Legs are quite a difficult thing to pump up. The muscle fibers of the leg muscles may be poorly developed in many beginning athletes. There could be a lot of reasons for this. This is a feature of the muscle fibers themselves, which react to heavy weights and explosive training, and insufficient knowledge in this area and laziness, etc. But that’s not about that now.

The specific tips given below should help everyone who puts them into practice to increase muscle mass legs This is a universal protocol for successful training legs:

  • It is advisable to train your legs on the very first day of your training week(Monday or Tuesday) separately from all muscle groups.
  • Quadriceps need to be trained in pumping mode, and this means a minimum of 12-15 repetitions per set. On the contrary, the buttocks and biceps of the thighs need to be “bombed” with a small number of repetitions; they respond well to this. Namely 4-6 repetitions with heavy weight.
  • At the end of the week Special attention pay attention to the biceps of the thighs and work them out in the next workout.
  • Do specific workouts once a week, if possible. During such leg training, you will need to jump on high supports, run on short distances at a powerful pace, jump forward and upward from a standing position. This is a fundamentally different workout for your legs and it affects them in a special way.

Bench press

Bodybuilding experts who have studied muscle function during the bench press have noticed that during this basic exercise, the muscles of the upper back are subject to static tension. This is necessary in order to ensure stabilization of the arms. Exactly the same role is played by the triceps, which tense statically at the very beginning of the exercise. This tension helps keep your elbows bent at right angles. But since the force of static tension in the back and triceps muscles is too small, this prevents you from pressing 100%.

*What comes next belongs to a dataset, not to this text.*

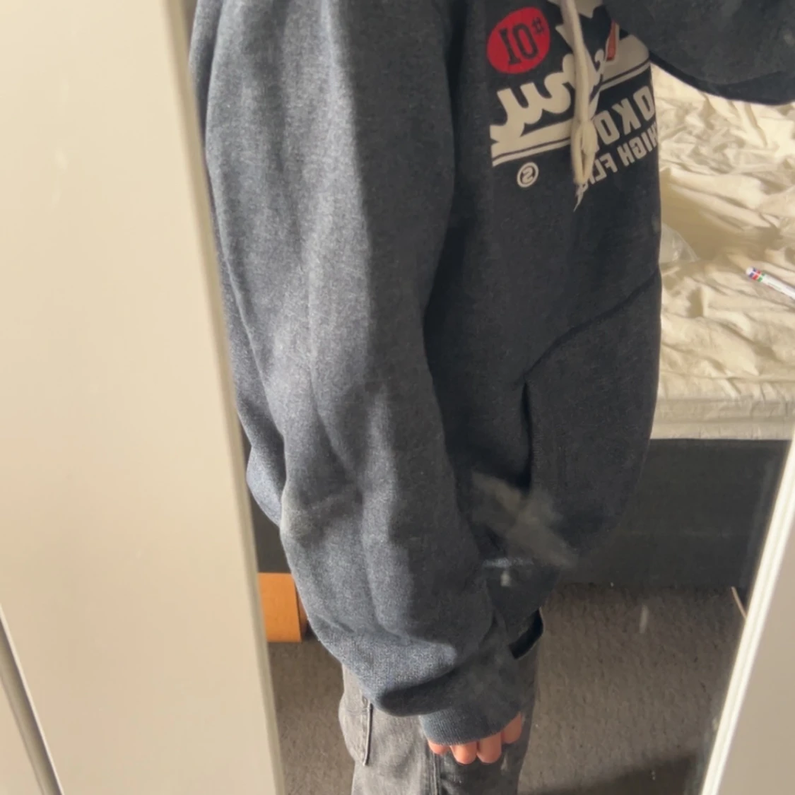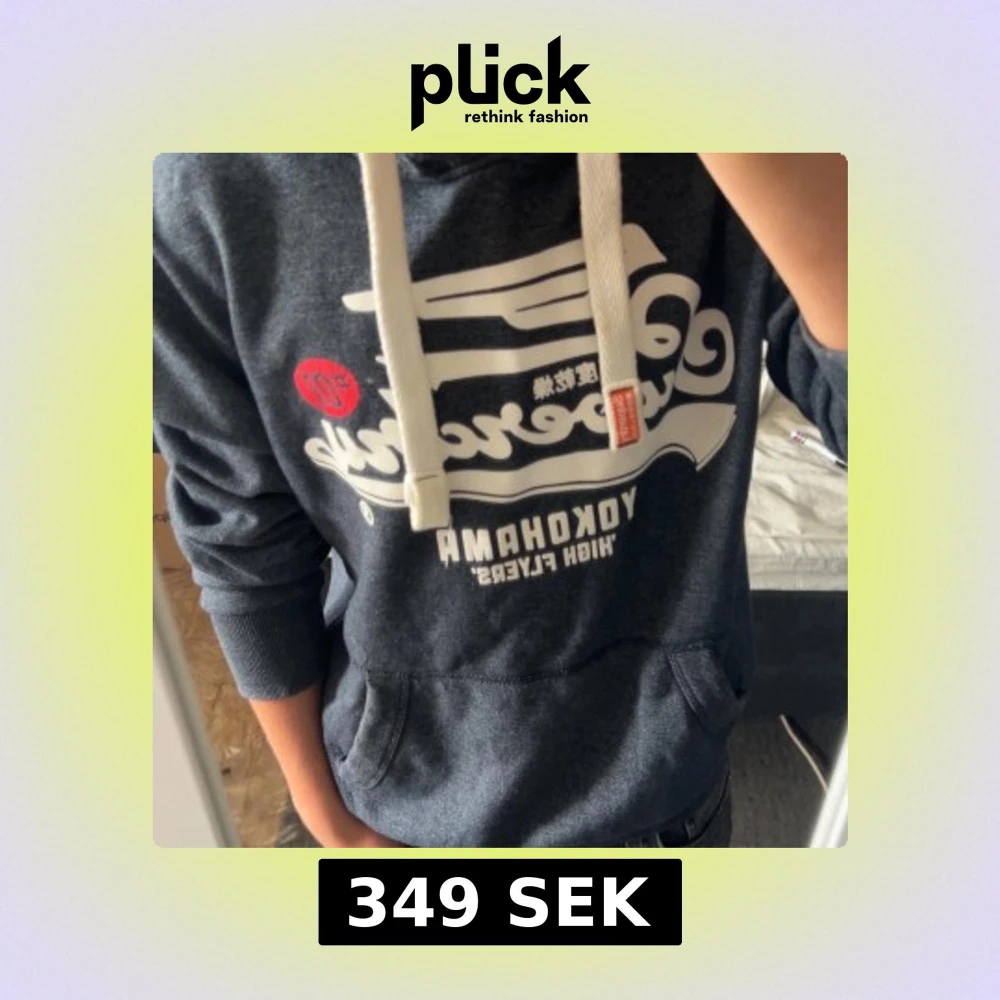 Mörkblå hoodie med tryck Yokohama
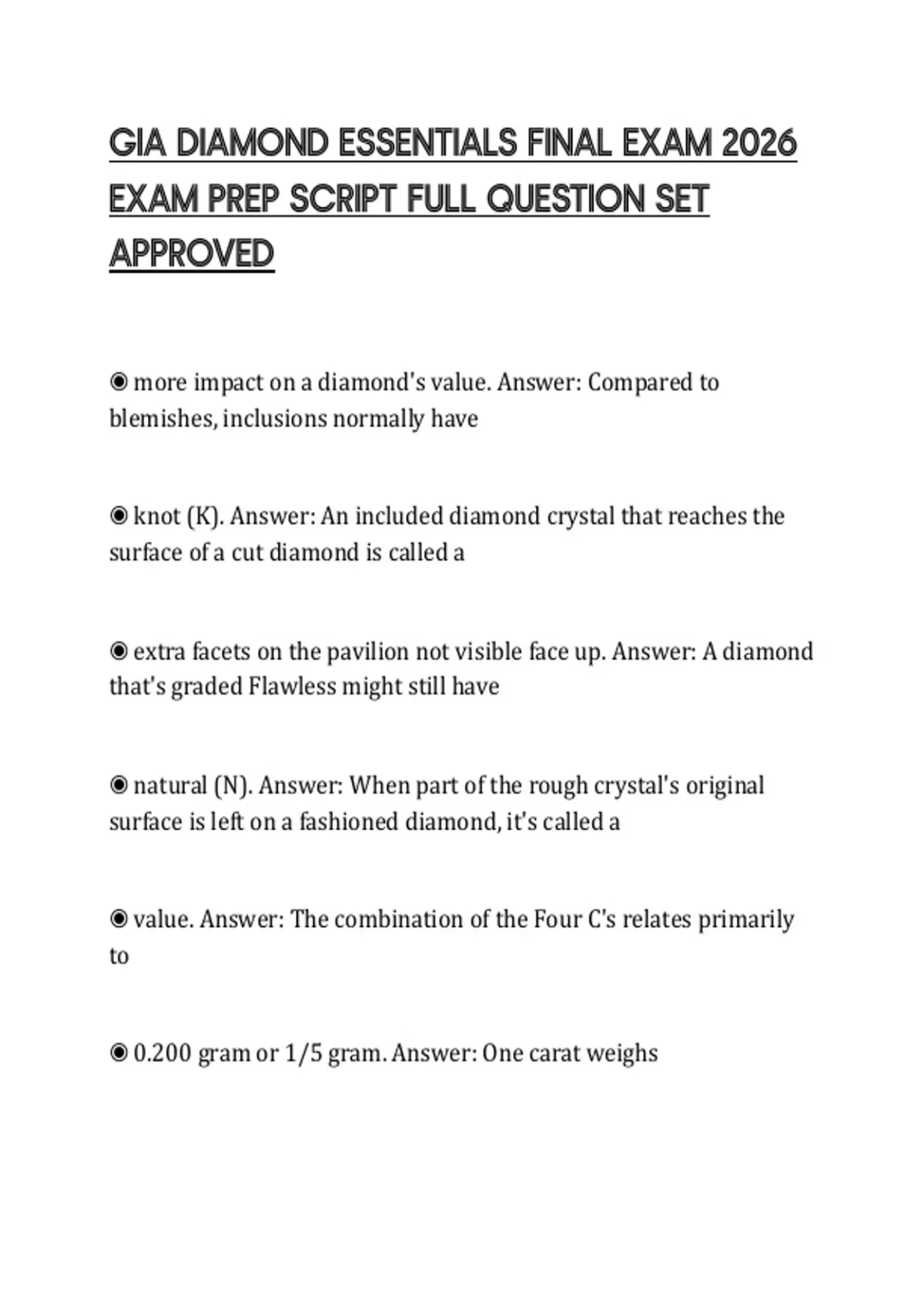 GIA DIAMOND ESSENTIALS FINAL EXAM 2026 EXAM PREP SCRIPT FULL QUESTION SET APPROVED

To solve this problem, you just need to force the triceps muscles and back muscles to contract much more intensely. An ordinary rubber shock absorber closed in a ring, which you need to put on your wrist and twist it in a figure eight, will help you achieve this goal. Only after you have stretched the shock absorber can you grab the barbell. This very stretching activates the stabilizer muscles, as a result they contract stronger and this will definitely make you press harder.

If you work in this style for at least a couple of weeks or a month, then at the end you will gain 100% in bench strength, and therefore in muscle mass!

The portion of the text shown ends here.